In order to debug the icat.server issue 150 "Load balancing does not work properly with long lasting queries (503 error)" instead of getting a lot of machines (virtual or otherwise) I decided to have a look at docker. I am new to docker so have not made use of the "swarm" which I think is probably the right way to manage a set of containers. Instead I have three docker files - glassfish, mysql-client and icat (built on top of glassfish). The script builds the images and runs things so that at the end I have three containers, two with an icat and one running mysql. I am now in a position to start looking at bug 150!

The code is not beautiful and is currently in a personal repository. The docker assumption is that each container runs one process which is quite different from the "normal" VM approach.

Steve

Peter Parker

unread,

Apr 5, 2016, 5:10:45 PM4/5/16

to icatgroup

Hi Steve

Thanks for that.

I have also been looking into Docker recently and like you have reached a stage where I can run an ICAT container alongside a MySQL container. For now, my code is also in a private repository.

My overall aim with this is to ease (read: completely automate) the deployment of ICAT instances at SNS and HFIR, not just for testing and development purposes, but for production purposes, too.

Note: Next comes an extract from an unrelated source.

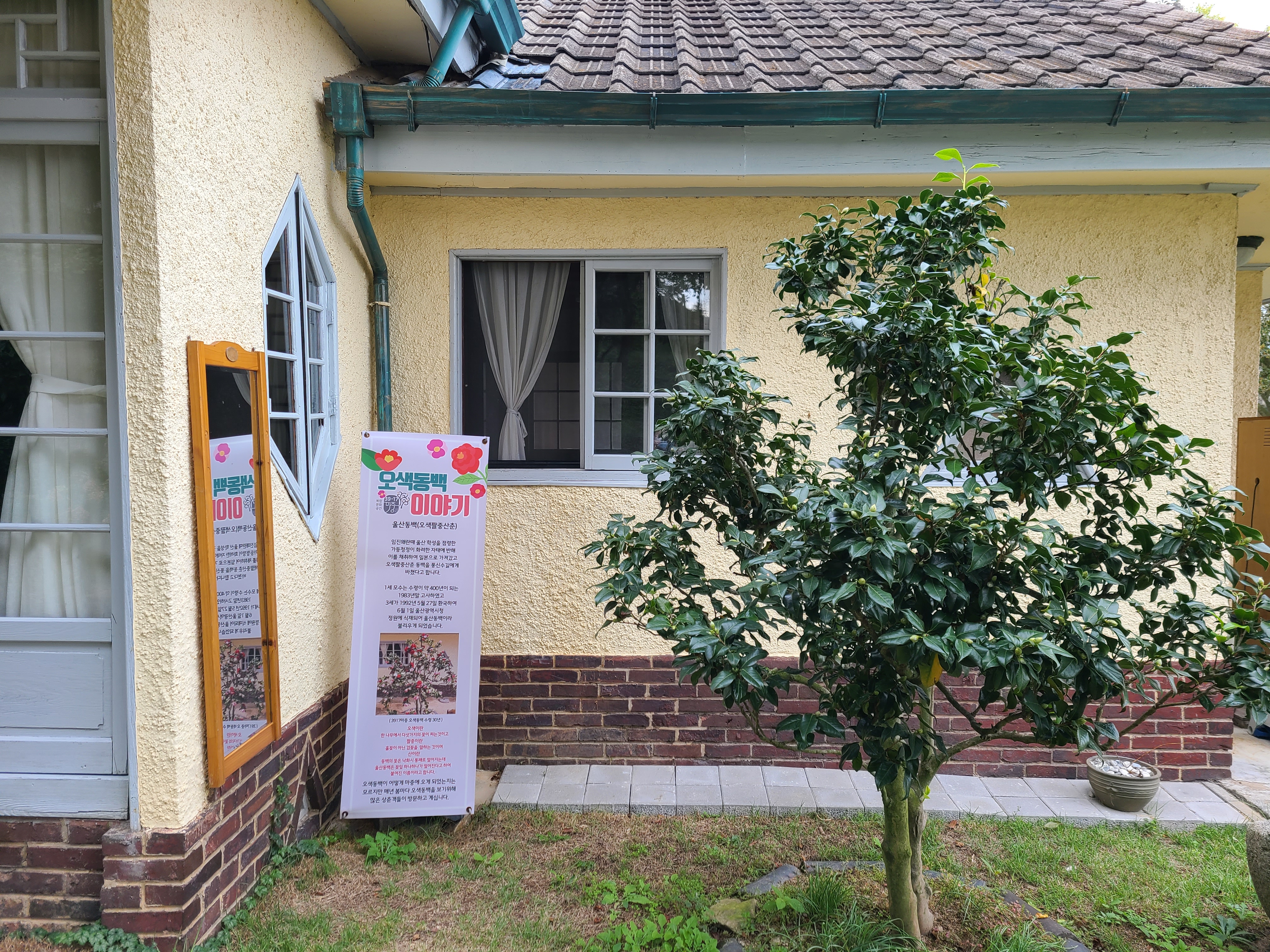 목서원 사랑채 쪽에 있는 동백나무 옆에 오색 동백 이야기가 적혀 있어 살펴보니 수령이 30년이 된 오색 동백은 울산동백(오색팔중산춘)으로 불린다고 한다. 오색이란 한 나무에 5가지 모양의 꽃이 핀다는 뜻이고, 팔중이란 홀 꽃이 아닌 겹꽃을 말하며 산춘은 동백은 꽃송이채 떨어지는데 이 꽃은 꽃잎이 하나씩 떨어져서 이름 붙여진 것이라고 한다.

I see the following benefits to this kind of automation:

Spawning one-off ICAT stacks on a development machine becomes trivial. These help solve problems like the one you’ve described, but they could also be used to test new versions of components before they are deployed to production, or as a test bed against which to develop external software that makes calls to ICAT.
The developer desktop environment resembles the production environment as closely as is possible, so what works for the developer should more often than not work in production.
Maintenance tasks on production ICATs could actually be done separately and away from the deployed instances, and then one could quickly replace what is deployed whenever it is appropriate to do so.
Configuration is under source control, so changes can be tracked and well understood by everybody.

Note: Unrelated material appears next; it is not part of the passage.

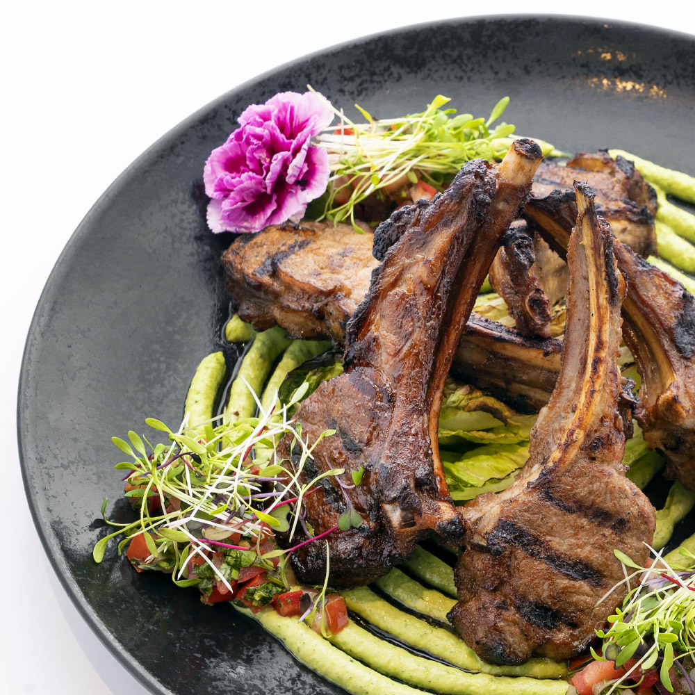دنده گوسفندی گریل شده، سیب تنوری، دیپ آووکادو

While I do have ORNL-specific use cases in mind, I am trying to code in a facility-agnostic way so that it would be easy enough for other facilities to use should that ever be deemed as a sensible thing to do.

Puppet

As you know I originally started trying to solve this problem with Puppet, but since then my experiences have not all been positive. My personal opinion is that:

There is a relatively steep learning curve. While Puppet module users have a simple declarative syntax to use when interacting with modules, Puppet module authors are in for a tougher time since they are expected to understand the wider Puppet ecosystem and toolsets. A reasonably-sized module will likely have:

“under-the-hood” code written in Ruby;
BDD-style tests written with RSpec;
acceptance tests written for Beaker;
templates written in EPP or ERB syntax;
Gemfiles, Rakefiles and Puppetfiles; and
a large number of dependencies on external Puppet modules.

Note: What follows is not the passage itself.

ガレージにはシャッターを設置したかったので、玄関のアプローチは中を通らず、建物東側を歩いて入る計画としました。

The problem is actually made more complex by Puppet, rather than less. The principle behind Puppet is that you should be able to idempotently converge to the desired state of the system, given whatever state the system is currently in. Unfortunately this can get very complex very quickly given that there are so many possible system states, and even something simple like updating a component to a new version can be tricky to do in a robust way. The difference between developer machines and production machines is another source of extra states to be considered and accounted for.
The development process of iteratively making a small change to the Puppet code and then testing the result of that change can often be painfully slow. Converging to a desired state is hard, but it is made even harder when the current state of the system is either invalid or unknown to the developer. This means that deleting the GlassFish folder and running the entire script again is often the easiest course of action.
It feels like there are too many extra layers of complexity between the developer and what is actually going on, and this can make it hard to debug problems. Puppet manifests are compiled into catalogs which are then applied by Puppet, and in a development environment this will be done on a VirtualBox (or similar) VM managed by Vagrant which in turn is managed by Beaker. Now let’s say the Puppet script falls over; is it a problem with the contents of the script, or is it a problem with the configuration of one of the half-dozen tools in-between the script and the ICAT being configured?
Last but not least is the compiler itself, which can also be difficult to work with. It can be quite inconsistent at times (strict in some places but not in others), and also quite opaque. A careful developer is therefore left with no option but to adopt the recommended practice of layering everything in comprehensive BDD-style tests, and while this gives one more confidence in understanding what the compiler is doing, the tests end up being very brittle and do not lend themselves well to rapid development.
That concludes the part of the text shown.